Drought and cold sees US winter wheat conditions downgraded

27 Feb 2018 | Tom Houghton

Drought and cold weather are starting to take their toll on US winter wheat conditions, damaging the crop and most likely affecting the size of this year’s harvest, data released by local USDA offices showed late Monday.

Kansas, the US’ biggest winter wheat producer, had its crop conditions pegged back by two percentage points, with only 12% now rated good or excellent.

At the same time, the proportion of poor to very poor wheat rose to 49% from 44% last month.

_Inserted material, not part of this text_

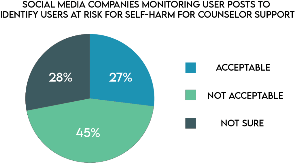 As shown by the data below, there is a varying degree of acceptability in terms of private data collection. The approval or disapproval of private data collection is dependent on who is collecting the data and the reason the data is being collected. The survey responses show overall disapproval of data collection, even if the data is being collected for benevolent reasons such as suicide prevention or law enforcement. Individuals have and desire their right to their own privacy.

It was a similar story in other major producing states, as good and excellent wheat in Colorado was downgraded to 31% from 37%.

Meanwhile the USDA’s local office in Texas reported some wheat fields in the Plains failing to emerge due to a lack of water, with only 4% of the crop rated as good and 73% rated poor to very poor.

Oklahoma was left at 4% good to excellent, which is down from 43% at the same time last year.

Weather in North America has long been a concern for wheat producers, with a lack of rainfall leading to large swathes of the US being designated as suffering “severe” or “extreme” drought by the USDA.

In addition, the lack of moisture has meant no snow falling on some fields in the Southern Plains, leaving the crop without an insulating cover as temperatures have plummeted.

Futures rallied for the second day in a row on the back of the downgraded crop conditions, with the Kansas City HRW May contract up 1.5% to a high of $4.895/bu just after the open – a six-month high.

HRW May futures are now up almost 16% since a contract low set mid-December.